A20: attractive without showing cleavage

Abstract

A20 (also known as TNFAIP3) is a deubiquitinating enzyme (DUB) that ensures optimal immune responses in cells stimulated by cytokines, such as TNF and IL-1, or pathogen components, such as lipopolysaccharide. Deletion of A20 in mice results in multi-organ inflammation and death within 2 weeks . The anti-inflammatory functions of A20 have been attributed to its ability to negatively regulate NF-κB signaling . The picture that has emerged over the last decade is that A20 attenuates NF-κB signaling by removing polyubiquitin chains from specific NF-κB signaling proteins. A study published in this issue of EMBO reports by Sankar Ghosh and colleagues now shows that A20 knockin mice expressing a catalytically inactive A20 mutant that can no longer remove ubiquitin are normal and do not have an inflammatory phenotype. These results challenge the notion that A20 exerts its NF-κB inhibitory and anti-inflammatory function by acting as a DUB.

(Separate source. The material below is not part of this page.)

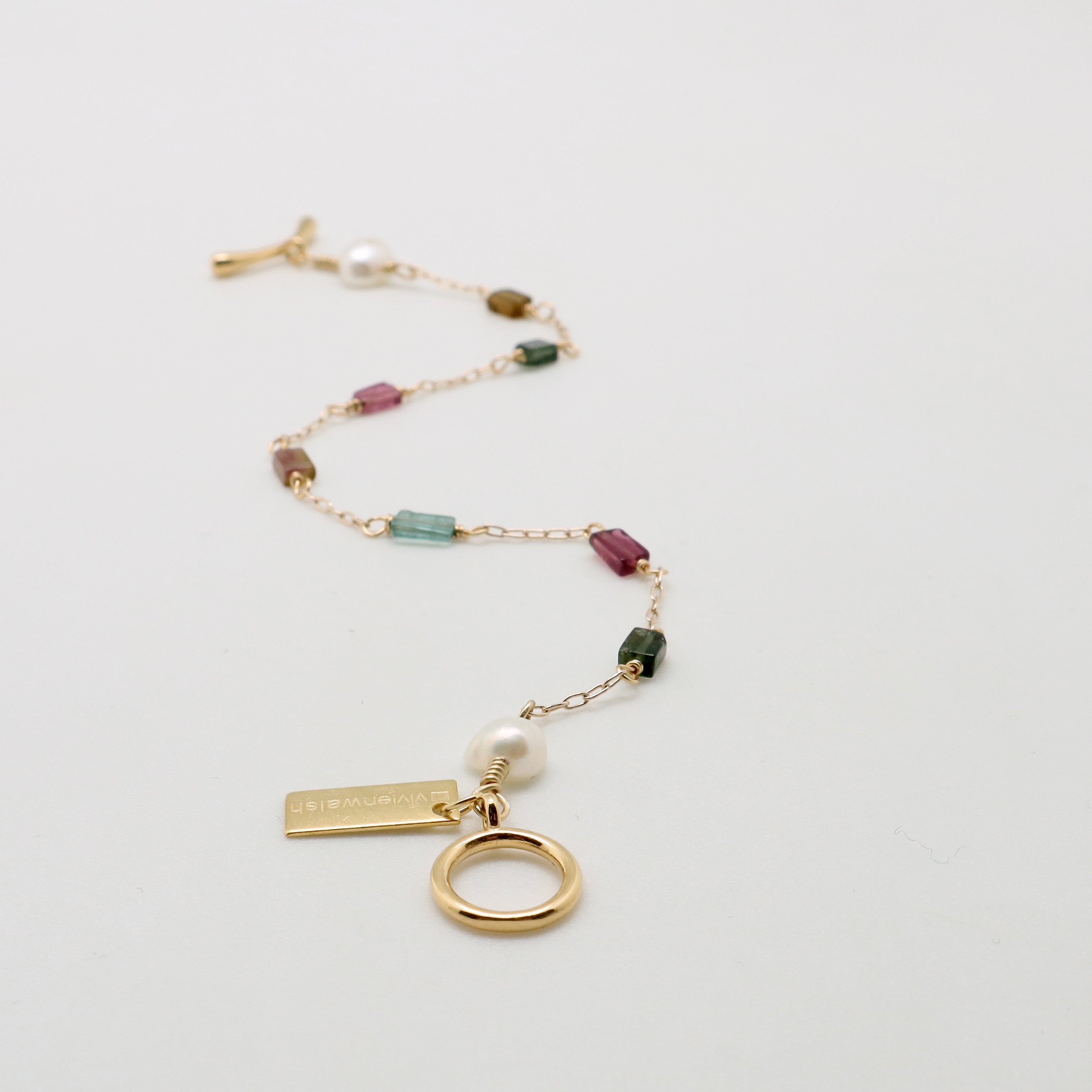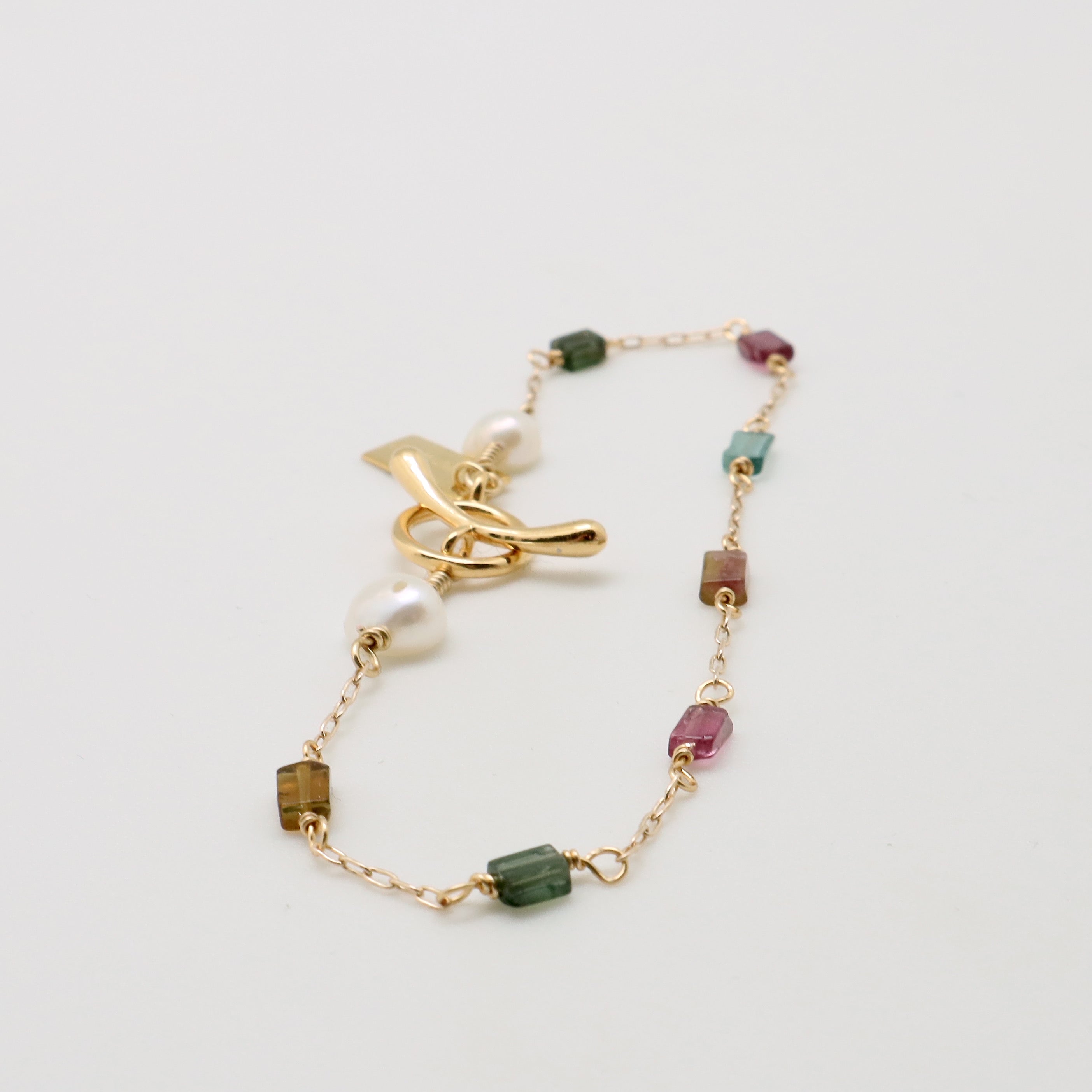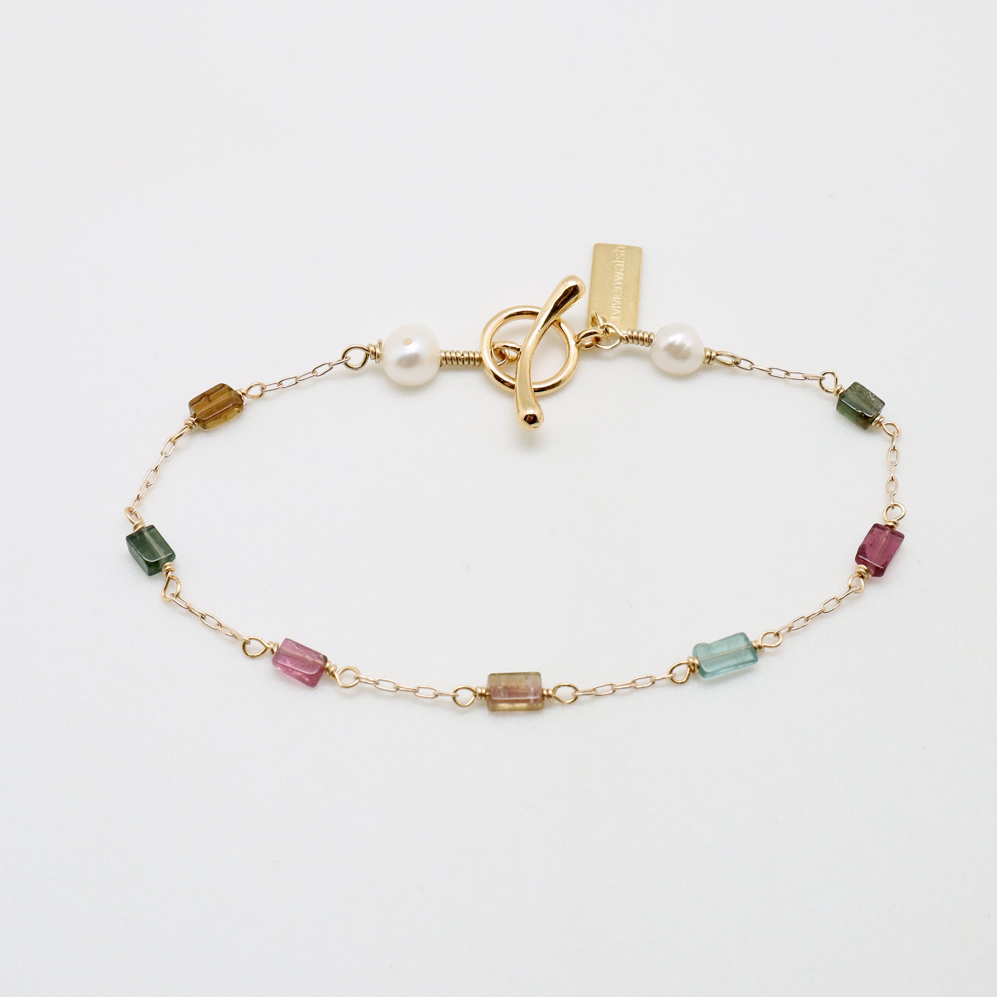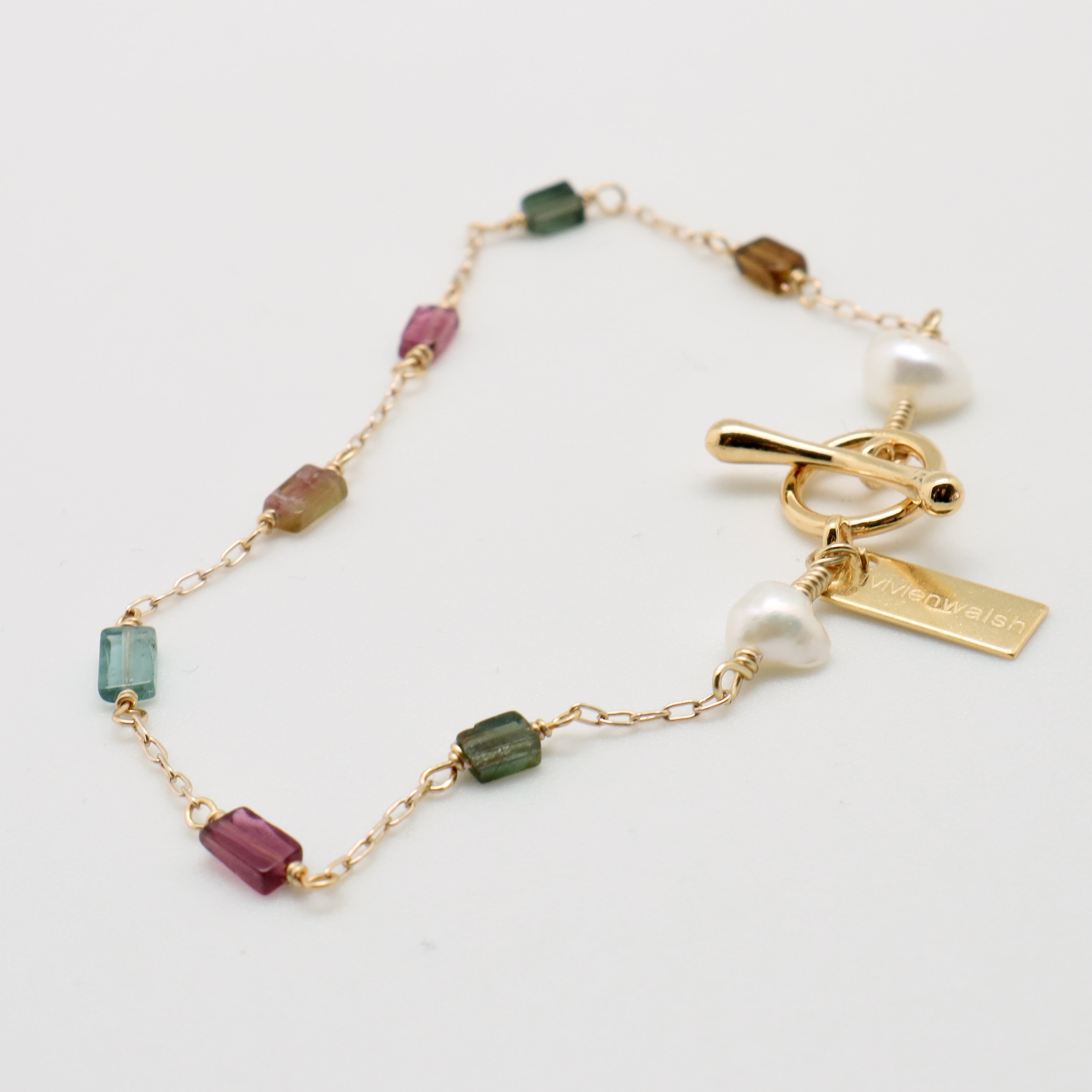 Adorned with delicate gold filled chain and stunning rectangle cut tourmalines, this bracelet is a must-have for any jewellery collection.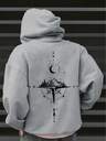סווטשירט קפוצ'ון שחור עם דוגמת מצפן ואותיות לבני נוער. מתאים לעונות האביב והסתיו.

Figure 1. Domain structure of A20 and associated activities

A20 has an N-terminal ovarian tumor (OTU) domain that mediates DUB activity. C103, which is critical for DUB activity, is indicated by an asterisk. The C-terminal region contains seven ZF motifs that bind multiple proteins implicated in NF-κB signaling. In addition, ZF4 and ZF7 bind distinct mono- and polyubiquitin species and have been suggested to contribute to the negative regulation of NF-κB signaling through multiple mechanisms.